Fortunately, I recalled a promise I made to readers some time back to write about the most adventurous graduation ceremony I ever attended.
Back in April, I went to Compostela Valley’s Community Technical College of Southern Mindanao for its combined graduation ceremonies—for the elementary school as well as senior high school, the latter being particularly significant because this was the school’s first batch to finish 12th grade.
The college is one of several schools that serve the lumad or indigenous peoples of Mindanao, offering an alternative education that respects the lumad’s traditions. This is totally different from mainstream schools, where many teachers would put down lumad culture, as well as the lumad students themselves.

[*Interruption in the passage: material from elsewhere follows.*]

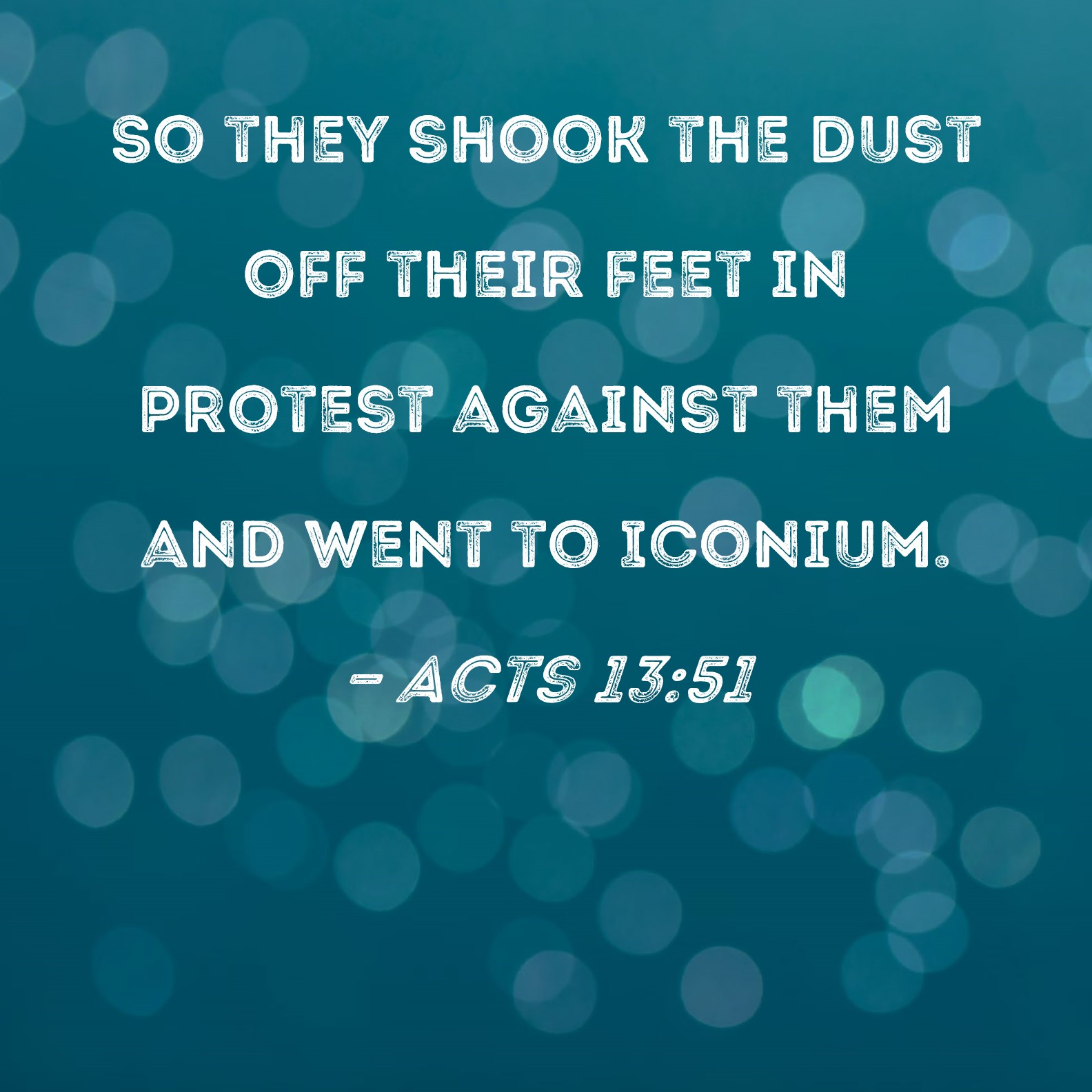 Acts 13:51 So they shook the dust off their feet in protest against them and went to Iconium.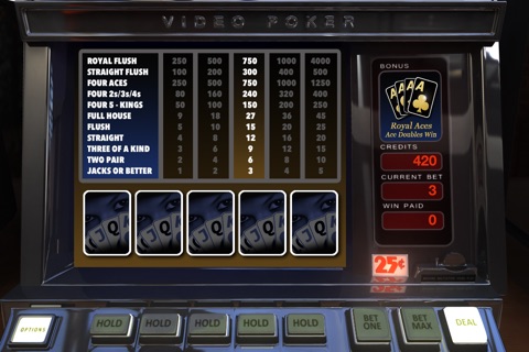 Play Video Poker Royal Aces on your iPad, iPhone or iPod Touch! Enjoy photo realistic slot machine graphics as you try for ultimate Royal Flush. This version of video poker puts a twist on the traditional Jacks or Better version by heavily weighting the 4 of kind payout. With 4 Aces your payout is in line with that of a Royal Flush!

I was excited about the graduation, but will admit I was also somewhat anxious. The lumad areas have been heavily militarized, the schools and communities accused of harboring the New People’s Army. Schools have been closed down and, in several areas, entire communities uprooted and herded into refugee centers.
I flew down to Davao City the night before the graduation and stayed overnight in Tagum, because a friend wouldn’t let me travel at night.
Early the next morning, I woke up hearing planes flying overhead. When I first heard the droning, I wondered if there was going to be a military operation. The planes kept going, half an hour, an hour, and I began to imagine a major military operation.
Cell phone signals are weak in the area, so I waited for word, sitting in the early morning darkness wondering what was happening. Finally, the school principal texted me to say their service van would not be available to pick me up because it had been hit… by a carabao. That news offered me comic relief, until I got another text saying I was going to be picked up by a habal-habal. I was imagining a “skylab” here, which is a motorcycle with a plywood plank across the seat to take more passengers.
After a two-hour delay from the original pick-up time, the habal-habal arrived. I was relieved to see it wasn’t a skylab, but wondered how I was going to be transported on the tiny motorcycle. I found out quickly, as I was unceremoniously wedged in between a rather emaciated motorcycle driver and Kiko, a transgender lumad with French mani-pedi. I imagined him being a descendant of the precolonial transvestite babaylan described in the accounts of Spanish friars.
I had actually met Kiko the previous year and knew he was one of the brightest students in college, taking education. Despite a rather noisy and bumpy ride, we managed a conversation, and I learned his graduation was delayed because his mother, already in her 40s, just had a 12th child and he had to help with child-minding.
I could still hear the planes and asked Kiko if there was a military operation going on.
No, he said, the planes were spraying pesticides on the banana plantations.
I held my breath, thinking about the pesticides, and felt ashamed for thinking ill of the military. Whenever we’d pass a checkpoint, and there were many, I would wave cheerfully to the soldiers.
We finally got to the school, and the principal was apologetic for the delays and the ride. I looked at her sternly, and made her promise that the next time I had to visit, they would send a
habal-habal again, and with my babaylan escort.
There was a real babaylan at the school, brought down from the mountains to bless some new buildings. Despite being an anthropologist, I’ve shunned traditional rituals where they butcher animals, but I was assured that this babaylan was more “modern” and would spare the chicken.
Although stooped with age, the babaylan chanted with full force, moving briskly across the hilly terrain from one building to another. In between the blessings, I was given an update on the plans of the school, interrupted several times as the babaylan would wave the restless chicken across my head, making me even more nervous than I was with the pesticide-spraying planes.
The ceremony ended, and the chicken was released as promised.
We went on to the graduation, and I’m not going to bore you about my speech. What’s important was getting to visit the lumad, another breed of iskolar ng bayan or people’s scholars.